April 10th Good Friday - Sounds of Silence

Restrictions on movement have meant a diminution of sound. It's not silence, but the lack of planes, cars and crowds has heightened the sounds of children playing, bumble bees and birdsong, especially our robin which seems to have perfected exactly that frequency which pierces my hearing aids. I'm currently reading a book about the history of silence in religious traditions, which may sound rather nerdy; most of it goes right over my head and I've only reached the 9th Century.

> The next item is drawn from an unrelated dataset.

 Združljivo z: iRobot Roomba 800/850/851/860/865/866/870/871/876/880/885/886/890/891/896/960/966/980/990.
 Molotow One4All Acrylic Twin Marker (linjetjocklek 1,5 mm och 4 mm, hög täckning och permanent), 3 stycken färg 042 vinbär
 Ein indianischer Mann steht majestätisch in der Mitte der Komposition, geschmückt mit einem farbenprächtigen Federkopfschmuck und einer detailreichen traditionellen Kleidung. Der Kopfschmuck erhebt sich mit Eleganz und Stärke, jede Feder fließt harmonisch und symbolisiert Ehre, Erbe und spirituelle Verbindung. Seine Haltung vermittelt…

The Good Friday story is pretty noisy with lots of shouting and thunder and veils ripping but all tending, in my observations anyway, to the silence of Easter Saturday. Silence often plays a major part in Good Friday devotions. Usually on Good Friday St.Mary's is thronged with children and families doing crafts, excitedly meeting each other and ravenously consuming hot cross buns from The Loaf. But even this is carefully orchestrated and ultimately subsides into quietness with a short service. Last year our new vicar, Ian, had a cockerel on his shoulder and we were reminded of Peter, after a blustering boast that he would never betray Jesus, denying him when challenged. In the Luke version of the story Jesus silently turns at this point and looks at Peter. Talk about a significant glance or if looks could kill! What would such a silent look have done to us? This was the very eloquence of silence which assuredly drove Peter for the rest of his life.

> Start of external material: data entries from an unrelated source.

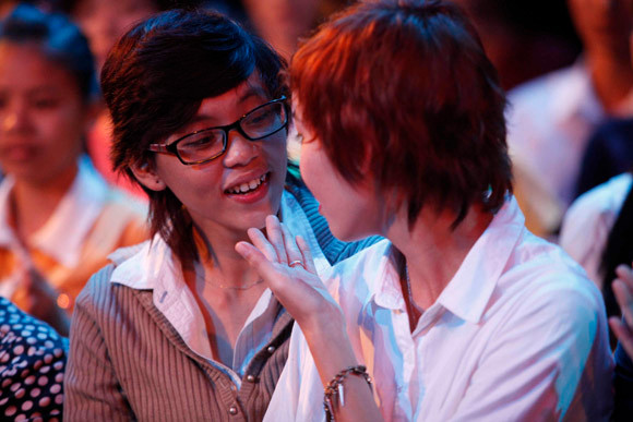 Hạnh phúc trong vòng tay bạn gái và em gái
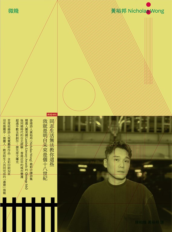 作者介紹 黃裕邦 Nicholas Wong香港詩人、譯者與視覺藝術家,著有英文詩集《Crevasse》與《Besiege Me》,分別於2016、2022年兩度入圍美國「Lambda Literary Awards」文學獎,其中《Crevasse》奪下男同志詩歌組首獎,成為首位獲得該殊榮的亞洲作家。2018年他再憑英文詩〈台北101〉贏得澳洲的 Peter Porter Poetry Prize詩歌獎,同年獲邀以臺北市駐市詩人身份參與台北詩歌節。首部詩集中譯本《天裂》也於同年出版,並入圍Openbook好書獎文學類決選名單。他也曾為曼徹斯特國際藝術節(Manchester International Festival)與紐約古根漢美術館的跨界藝術項目進行創作。2024年受邀參與「愛荷華國際寫作計畫」。
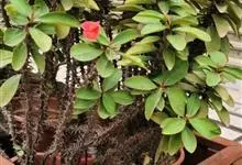 虎刺梅:别称铁海棠,是蔓生灌木植物。茎多分枝,长60-100厘米,直径5-10毫米,具纵棱,密生硬而尖的锥状刺,刺长1-1.5厘米,直径0.5-1.0 毫米,常呈3-5列排列于棱脊上,呈旋转。叶互生…全部>>

This morning I did my regular Popalong performance to 11 or so screens of toddlers and parents. With all the singing out of sync, out of tune, out of time it was a joyful cacophony of joy and celebration; the joy of seeing each other, letting off steam, climbing up dads, bouncing on laps and running round the garden. It was unfettered sound and later for us there was the comparative silence of sitting in the sunshine and reading about Silence. If you're sharing the lockdown with another there is that companiable silence as conversation runs out of momentum (or maybe there isn't!) Even on-line Scrabble with Sammie was conducted in a quiet and orderly way that ultimately led to the defeat of the computer. Since I've dutifully carried out all this exercise that has been imposed upon me, sitting in stillness and silence is easy. It's the getting up that fills the gaps in conversation with creaks, groans and a particularly extended sigh as the discs in the spine unfold and settle into their rightful places. It's not just Pontius Pilate for me today, but some Pilates. And of course it was he who exemplified hand-washing in a public and ceremonial way, but he was decontaminating himself of responsibility, we of the virus. Pilates hand-washing led to a death, our hand-washing is supposed to preserve life.

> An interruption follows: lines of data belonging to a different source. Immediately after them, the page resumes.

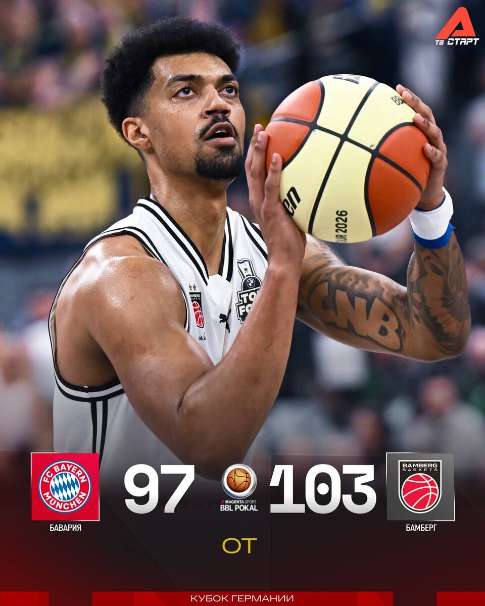 ! Парад трехочковых закончился в пользу «Бамберга». Это был отличный полуфинал — спасибо обеим командам 👏🏻👏🏻👏🏻 Второй немецкий полуфинал смотрите в 21:00 на телеканале «Старт Триумф» 📺 Подписывайся на ТВ СТАРТ в MAX📲
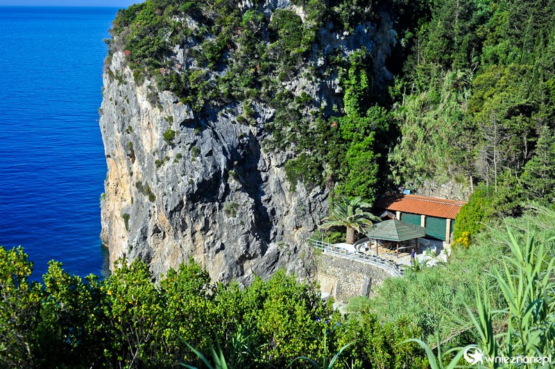 Grecka wyspa Korfu. Restauracja ukryta wśród skał, tuż nad brzegiem morza w Paleokastritsie.
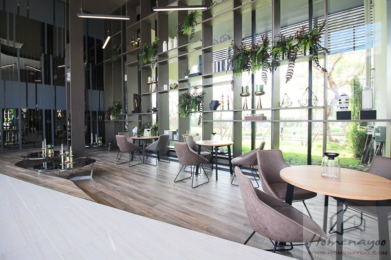 พื้นที่นั่งพักผ่อนภายในสำนักงานขาย ออกแบบและตกแต่งแนว Urban Courtyard
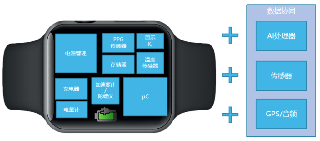 但是,随着更多功能的加入,可穿戴设备会面临空间限制的挑战。首先,组成系统的传统组件并未减少,比如电源管理、电量计、微控制器、存储器、温度传感器、显示屏等;其次,鉴于人工智能已成为智能设备日益增长的需求之一,需要加入 AI 微处理器以方便数据分析并提供更为智能的输入输出,比如通过音频输入支持语音控制;

We managed to locate on Amazon Prime the 1977 'Jesus of Nazareth' starring every actor of repute at the time. We watched this for several Easters in the gigantic cinema in Gozo, but it's disconcerting how acting styles change, how forced it all seemed and how blonde and blue eyed young Jesus was.


A last stroll outside to close up the greenhouse and the silence is palpable, echoing off the moon, resounding in the darkness and the stillness of the stars.